Debt to GDP

Hat tip: Global Finance Magazine

The graph above illustrates the total U. S. debt to GDP ratio over the period of the last 82 years.

More information:

Year Real GDP YOY % Change Real Personal Income YOY % Change Total debt YOY % Change
2011 13227.9 2.24 11370.7 3.99 52603.8 1.53
2010 12937.7 2.17 10934.7 -2.19 51808.8 -0.87
2009 12663.2 -4.55 11179.8 -2.60 52265.5 -0.32
2008 13266.8 1.61 11477.8 2.43 52433.4 4.78
2007 13056.1 1.24 11205.8 3.98 50043.2 10.34
2006 12896.4 3.05 10776.7 3.95 45353.9 9.87
2005 12515.0 3.28 10367.0 3.07 41279.4 9.15
2004 12117.9 4.12 10057.8 3.09 37819.1  
2003 11638.9 1.50 9756.6 -0.20  
2002 11467.1 1.59 9776.4 0.91    
2001 11287.8 2.30 9688.7 3.51    
2000 11033.6 4.17 9360.5 5.09    
1999 10592.1 4.93 8906.9 4.85    

Source: St.
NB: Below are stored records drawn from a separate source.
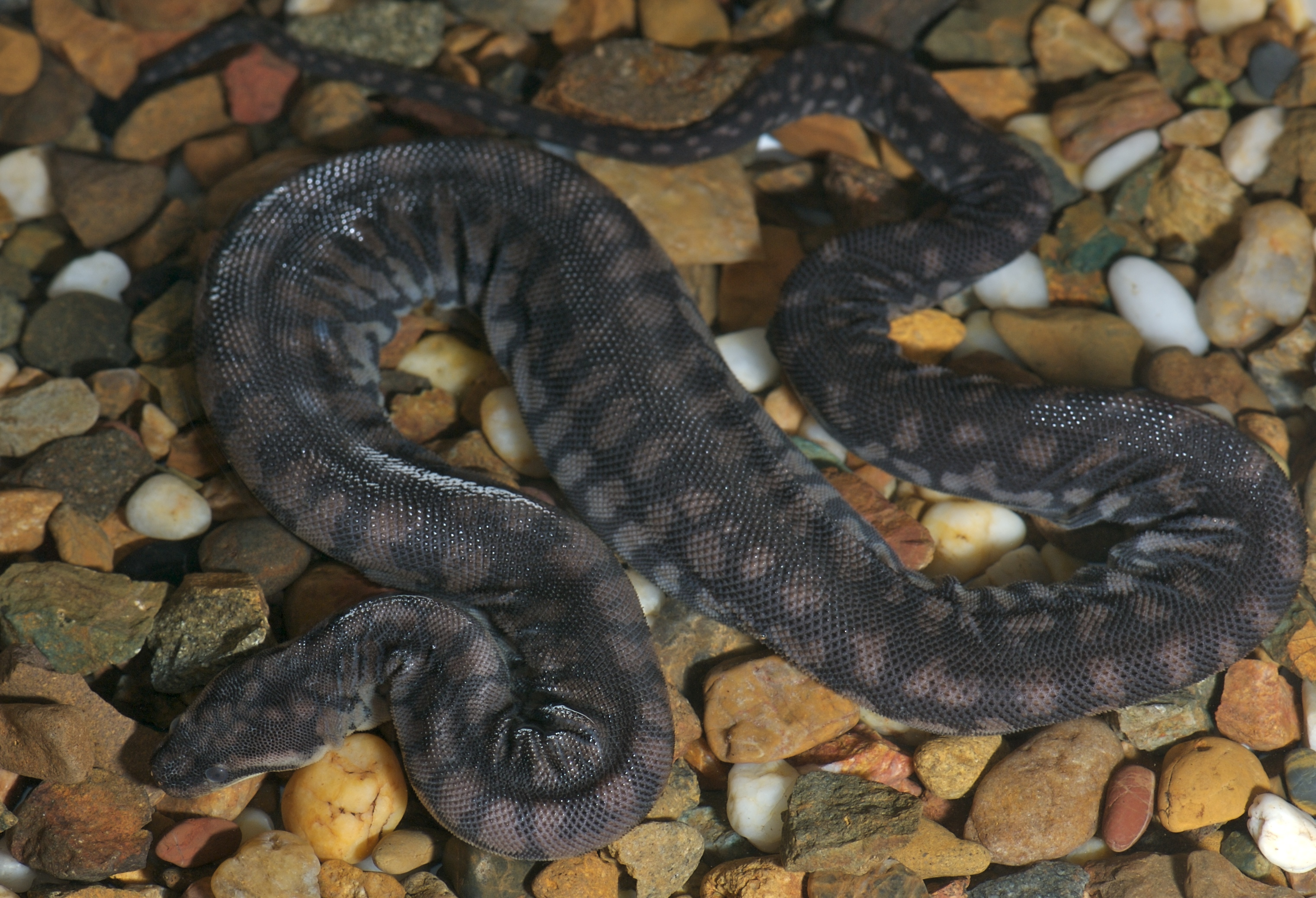 A captive Arafura file snake (Acrochordus arafurae).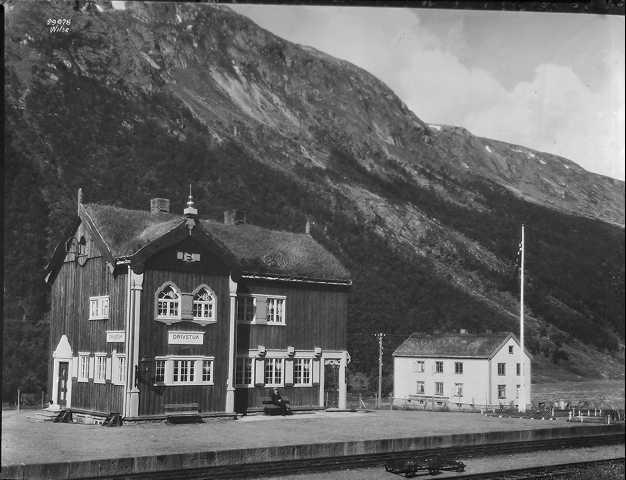 Drivstua railway station on Dovrebanen, Oppdal, Norway.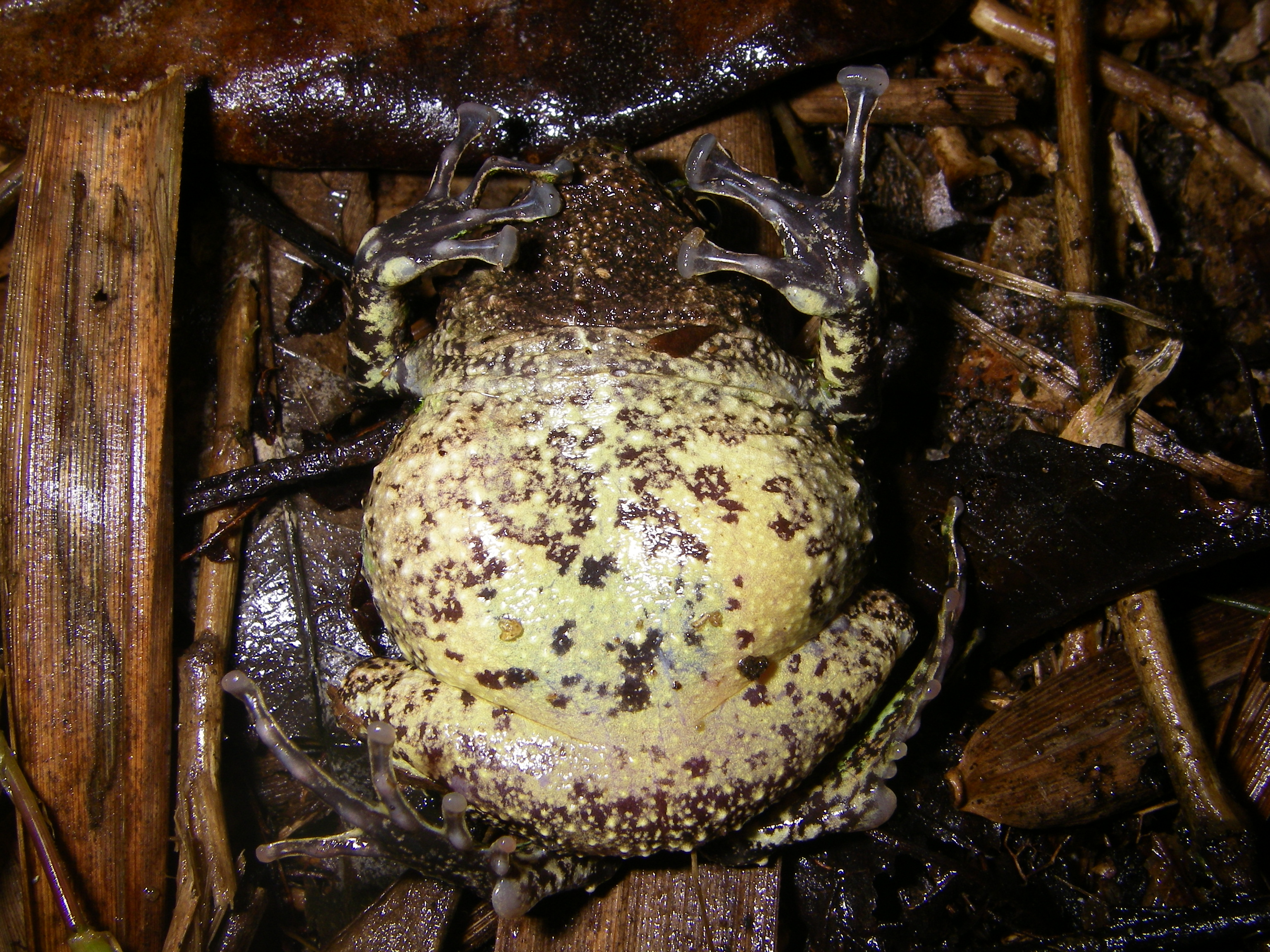 ventral view of Scaphiophryne spinosa (Microhylidae, Scaphiophryninae), Ranomafana National Park, Madagascar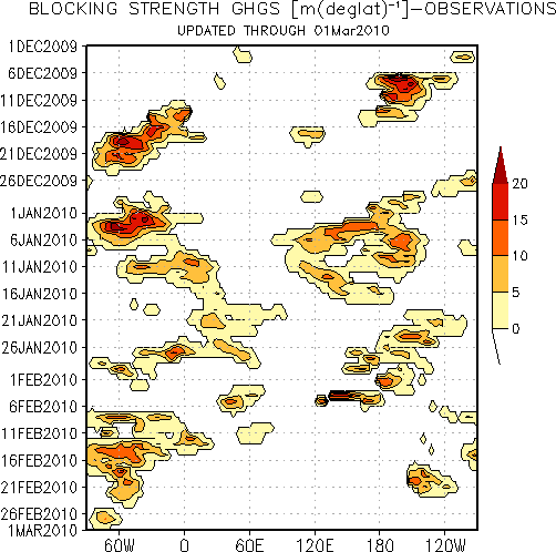 All colored regions in the Hovmöller plot depict regions where the flow is blocked according to the blocking index. [1] The color scheme denotes the strength of the blocked flow.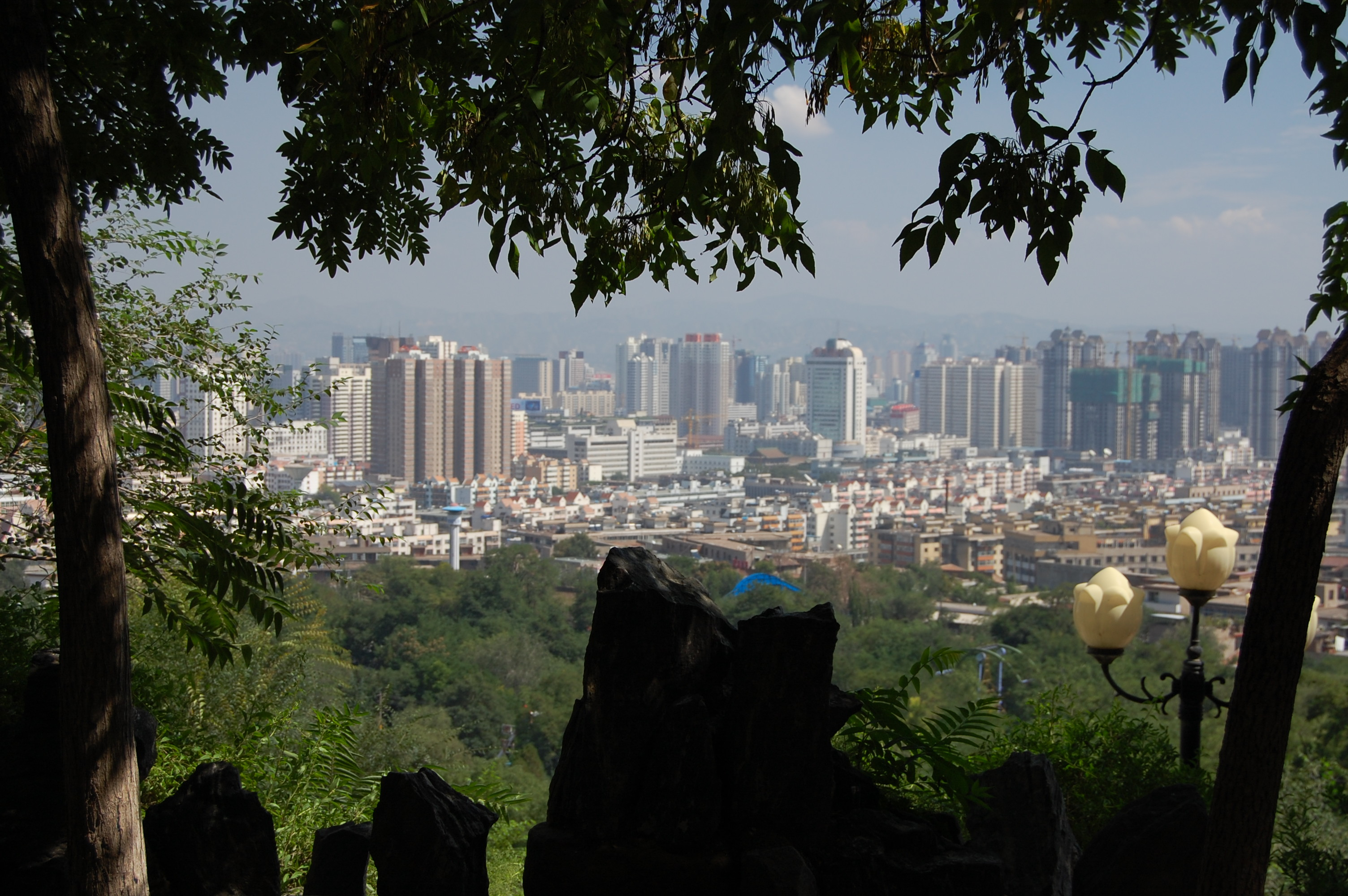 View to Lanzhou

Louis Federal Reserve (FRED), Federal Reserve

I think that this largely speaks for itself. Some brief observations:

  1. The present trend is unsustainable.
  2. A lot of the growth of the last couple of decades was illusory. Increasing debt of itself makes growth look larger.
  3. There is no reasonably foreseeable level of economic growth that will bail us out of this problem.
  4. Deleveraging has barely begun.
  5. Deleveraging has stopped.
3 comments… add one
  • steve Link

    Exactly. What brilliant economic strategy will overcome this level of debt?

    Steve

  • Icepick Link

    What brilliant economic strategy will overcome this level of debt?

    Social fracturing, social unrest, hyperinflation, depression (economic, not emotional – although that probably wouldn’t hurt), revolution, war, famine & pestilence – roughly in that order but it’s always fun to spice things up a bit and mix up the order. And after all that? Happy days are here again!